The Emergency Management Branch worked closely with other NT Government agencies in the Emergency Operations Centre to deliver a coordinated response.

The department’s Director Infrastructure, Major Projects and Emergency Management, Jessica Arnold, said the success of the response was the result of a collaborative approach.

“We led the animal welfare component of the response, with around 15 staff working with local councils and vets, including one from Animal Management in Rural and Remote Indigenous Communities, and Police and Emergency Services,” Jessica said.

“Cooperation with our key stakeholders began well before the cyclone arrived and we worked closely with industry organisations to advise people of the risks to animals beforehand.”

Thankfully, the impacts of Cyclone Trevor were not wide ranging and, within a day of its passing, the First Response Team was able to provide food and water to animals in all affected communities except one, which had been declared unsafe due to live power lines.

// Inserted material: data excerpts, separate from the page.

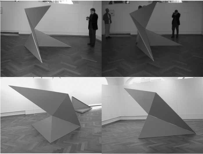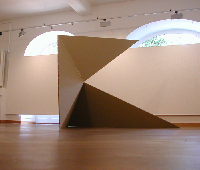 Le 10 juin 2008 (Joli mois de mai). Comme un musicien de rue, j’arrive (quand le public est déjà là, étonné de ne rien trouver…), je pose mon étui dans un coin de la salle, en sort un paquet de formes triangulaires en carton. En moins d’une demi-minute, je pose, ouvre et déplie, déploie la sculpture. De par le poids, les angulations et orientations des formes, l’ensemble tient debout, relativement stable, sans aucun autre moyen de fixation. Le démontage ne prend pas plus de temps. Durant la soirée, quelques pièces ont été déposées dans l’étui resté en place.
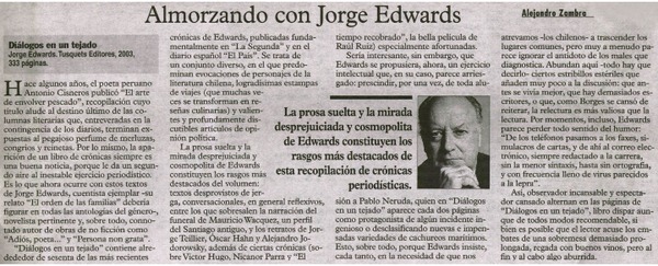 Almorzando con Jorge Edwards [artículo] Alejandro Zambra.
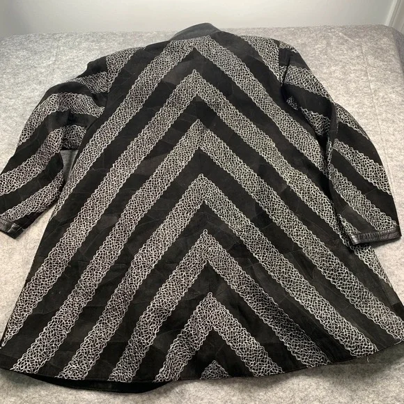 Leather Band Collar Womens 1X Silver Embroidery Mid Length Coat. Pictures don't do this coat justice! It is an amazing 100% leather coat with beautiful silver thread embroidery throughout with V patterns that mix the leather and embroidery. Coat has 3 buttons that button up from mid coat up to neck to give it a stylish open front flare. A staple piece to keep forever! fully lined with two side pockets. Pre-loved in great condition
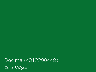 Decimal 4312290448 Color is a dark green color and the nearest color is La Salle Green #087830. Hex code #067132 and RGB value is rgb(6,113,50). In RGB color space, this color is composed of 2% red, 44% green, 20% blue, In CMYK color space, this color is composed of 95% cyan, 0% magenta, 56% yellow , 56% black , In HSL color space, this color has a hue angle of 145° , 90% saturation and 23% lightness.
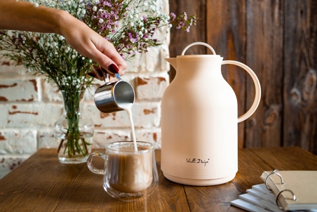 Thermos with стеклянной вставки Brand vialli Design - это продукт, который будет отличным на различных встречах, конференциях или семейных праздниках. Он имеет стекло вакуумную изоляцию , благодаря которому вы предоставите гостям правильную температуру подаваемого напитка, как теплый, так и холодный даже до 24H .
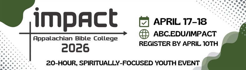 IMPACT is an annual event sponsored by the Youth and Family Ministry Department of Appalachian Bible College for the purpose of reaching and challenging junior high and senior high students as well as promoting Appalachian Bible College as a place of training for ministry.
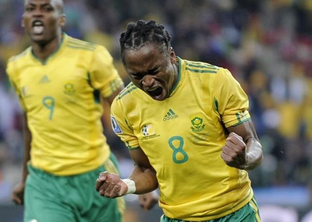 South Africa's Siphiwe Tshabalala celebrates after scoring the opening goal during the World Cup group A soccer match between South Africa and Mexico at Soccer City in Johannesburg, South Africa, Friday, June 11, 2010. (AP Photo/Martin Meissner)
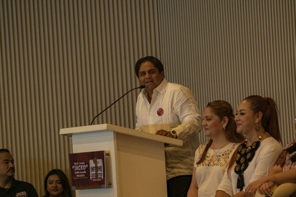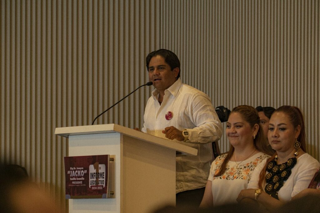ACAPULCO, Gro., 30 de octubre del 2025.- Arropado por prominentes figuras de la política estatal, representantes populares, dirigentes empresariales, académicos, sociedad civil y, sobre todo, con el cariño desbordado del pueblo acapulqueño, este jueves rindió su Primer Informe de Actividades Legislativas y de Gestión el diputado local Joaquín Jacko Badillo Escamilla.

The response also included an aerial survey of the Gulf of Carpentaria to search for injured marine life that may been washed ashore during the storm surge. Fortunately there were no injured animals observed.

The animal welfare response to Cyclone Trevor was a huge achievement and the team’s dedication, skill and knowledge was instrumental in the successful care of a range of creatures, from dogs and pigs to livestock and horses.